DATA:
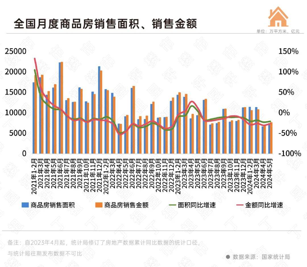宽松新政刺激全国商品房销售面积、金额低位回升,同比降幅持续收窄,新开工、竣工止跌企稳,不过房企投资开发热情不及一季度,开发投资额累计同比降幅连续3个月走扩至10.1%。
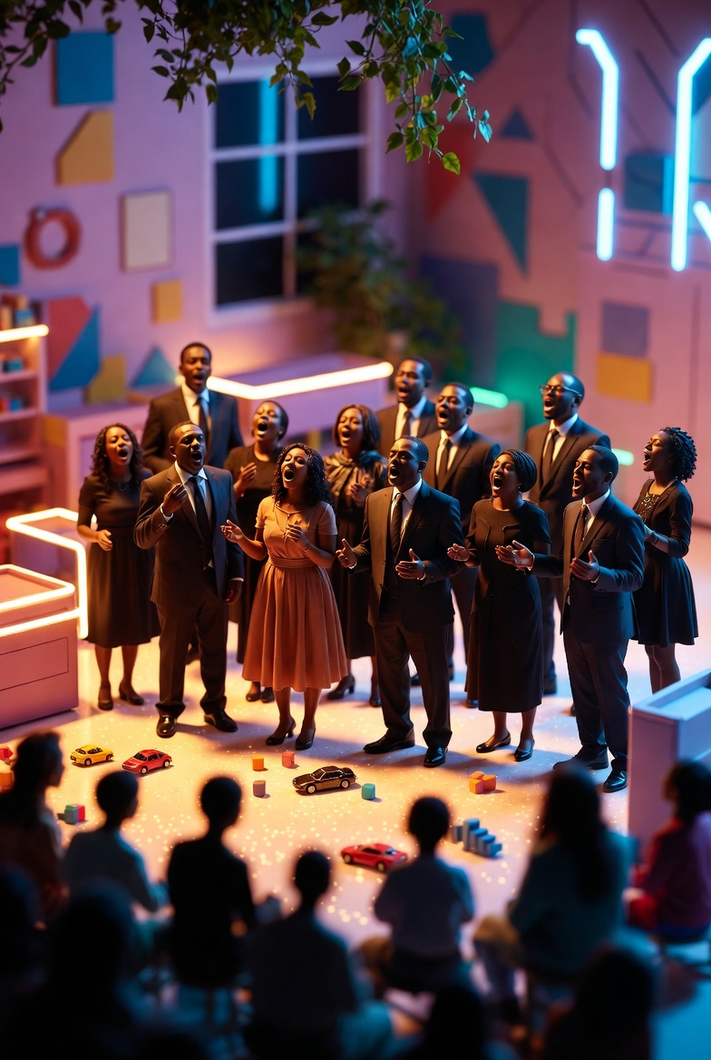 A modern gospel track led by a triumphant piano and swelling organ, anchored by soulful drums and clean bass, Gospel choir takes center stage with rich call-and-response in German, contrasted by glitched, vocoder-tinged lead vocals for a striking textural twist
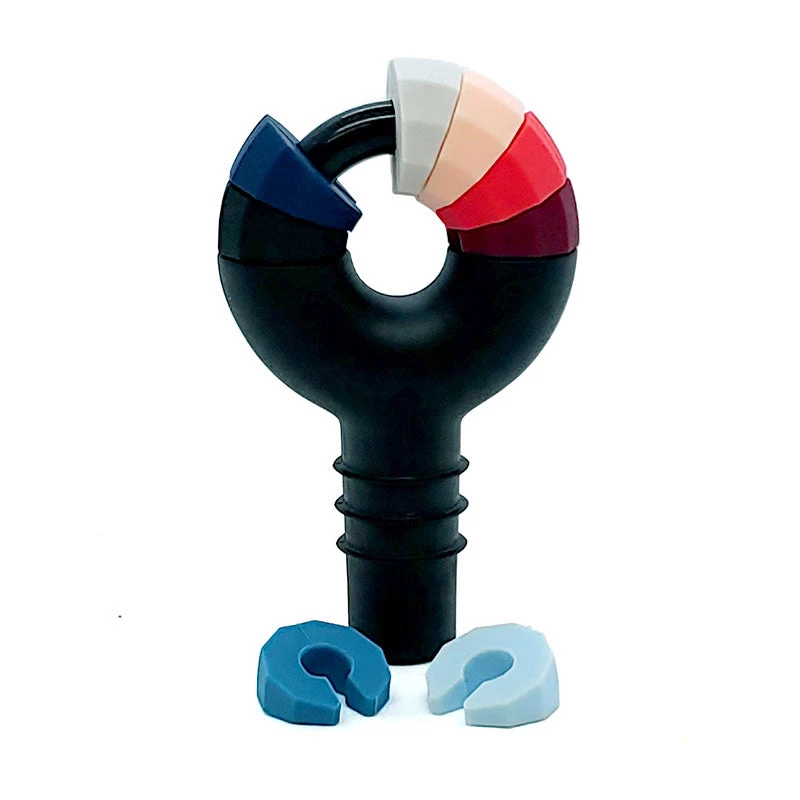 This silicone bottle stopper featuring 8 wine charms will be a great accessory to your wine service needs. The bottle stopper itself stores 8 color-coded wine charms that are designed to securely latch onto any stem of wine glass. Assign your guests a color and prevent any glass mix ups!
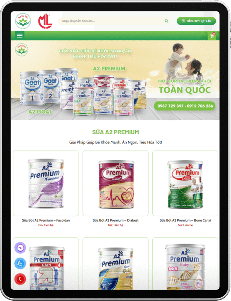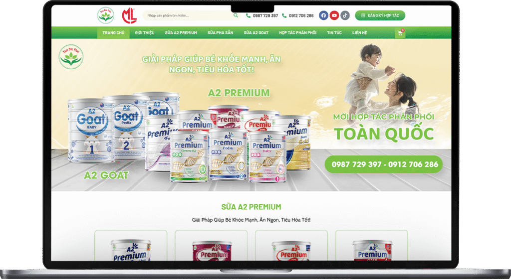 A2 Premium là thương hiệu dinh dưỡng cao cấp thuộc Tâm Đức Phát Group, chuyên cung cấp các sản phẩm tốt cho sức khỏe, hướng đến người tiêu dùng hiện đại mong muốn cải thiện chất lượng cuộc sống bằng chế độ dinh dưỡng khoa học. Với mục tiêu nâng tầm hình ảnh thương hiệu và đẩy mạnh kênh bán hàng trực tuyến, A2 Premium đã hợp tác cùng Trần Thiên Đạt để triển khai dự án thiết kế website chuyên nghiệp.

PROBLEM TO WORK ON: Output the listing above in full and exactly, with pictures excluded.

RESULT BELOW:
宽松新政刺激全国商品房销售面积、金额低位回升,同比降幅持续收窄,新开工、竣工止跌企稳,不过房企投资开发热情不及一季度,开发投资额累计同比降幅连续3个月走扩至10.1%。
 A modern gospel track led by a triumphant piano and swelling organ, anchored by soulful drums and clean bass, Gospel choir takes center stage with rich call-and-response in German, contrasted by glitched, vocoder-tinged lead vocals for a striking textural twist
 This silicone bottle stopper featuring 8 wine charms will be a great accessory to your wine service needs. The bottle stopper itself stores 8 color-coded wine charms that are designed to securely latch onto any stem of wine glass. Assign your guests a color and prevent any glass mix ups!
 A2 Premium là thương hiệu dinh dưỡng cao cấp thuộc Tâm Đức Phát Group, chuyên cung cấp các sản phẩm tốt cho sức khỏe, hướng đến người tiêu dùng hiện đại mong muốn cải thiện chất lượng cuộc sống bằng chế độ dinh dưỡng khoa học. Với mục tiêu nâng tầm hình ảnh thương hiệu và đẩy mạnh kênh bán hàng trực tuyến, A2 Premium đã hợp tác cùng Trần Thiên Đạt để triển khai dự án thiết kế website chuyên nghiệp.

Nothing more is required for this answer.